■ TASK PROMPT: The reply should repeat all of the data word for word, with no pictures.

■ THE DATA:
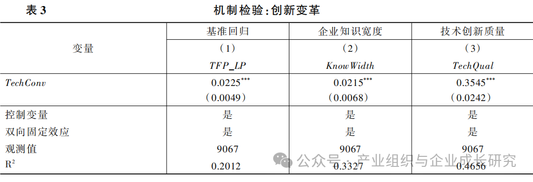 其中,ratioijt表示 IPC 大组分类为 j 的专利占企业当年全部专利的比例,该指数越大,表示企业专利分类差异越大,知识分布越分散,以此衡量企业知识宽度(记为 KnowWidth)。同时,为避免指标测度中专利公开期限造成的偏误(寇宗来和刘学悦,2020),在回归时剔除年份为 2018 年和 2019年的样本,中介效应检验结果见表 3 第(2)列。解释变量 TechConv 对中介变量 KnowWidth 的回归系数显著为正,表明企业数实产业技术融合对企业知识宽度具有显著的正向影响,即企业进行数实产业技术融合能够拓宽企业知识宽度,从而提升企业全要素生产率。
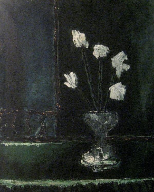 David Azuz, Israeli Art, B. 1942, Flowers, 1959, Oil on canvas, 100x80cm, Signed, dated and titled on the reverse., , , , .,
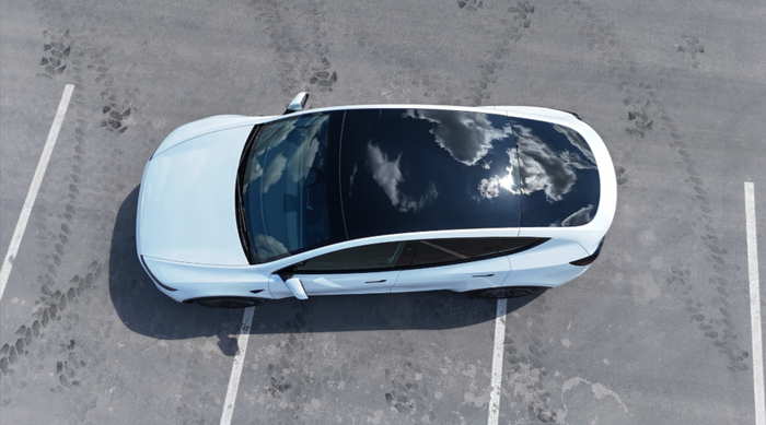 但事实是,丐版 Y 的车顶材质依旧是玻璃的。之所以车里看着没有天幕,是因为特斯拉在生产的时候直接在玻璃车顶下面加了个织物顶棚。
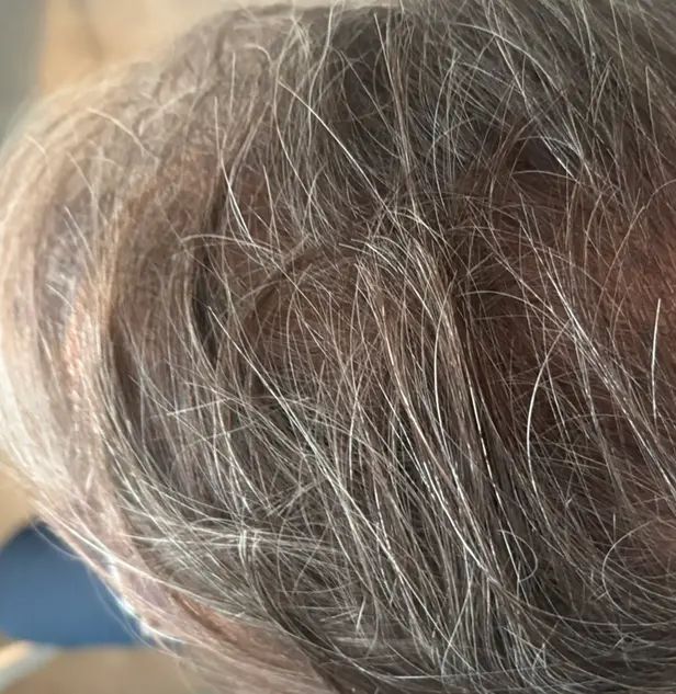 Przerzedzenie w obszarze szczytu głowy. Efekt: Widoczne zagęszczenie na samym czubku. Włosy są gęstsze i mają bardziej nasycony kolor, co znacząco poprawiło krycie skóry w tym obszarze.

■ YOUR SOLUTION:
 其中,ratioijt表示 IPC 大组分类为 j 的专利占企业当年全部专利的比例,该指数越大,表示企业专利分类差异越大,知识分布越分散,以此衡量企业知识宽度(记为 KnowWidth)。同时,为避免指标测度中专利公开期限造成的偏误(寇宗来和刘学悦,2020),在回归时剔除年份为 2018 年和 2019年的样本,中介效应检验结果见表 3 第(2)列。解释变量 TechConv 对中介变量 KnowWidth 的回归系数显著为正,表明企业数实产业技术融合对企业知识宽度具有显著的正向影响,即企业进行数实产业技术融合能够拓宽企业知识宽度,从而提升企业全要素生产率。
 David Azuz, Israeli Art, B. 1942, Flowers, 1959, Oil on canvas, 100x80cm, Signed, dated and titled on the reverse., , , , .,
 但事实是,丐版 Y 的车顶材质依旧是玻璃的。之所以车里看着没有天幕,是因为特斯拉在生产的时候直接在玻璃车顶下面加了个织物顶棚。
 Przerzedzenie w obszarze szczytu głowy. Efekt: Widoczne zagęszczenie na samym czubku. Włosy są gęstsze i mają bardziej nasycony kolor, co znacząco poprawiło krycie skóry w tym obszarze.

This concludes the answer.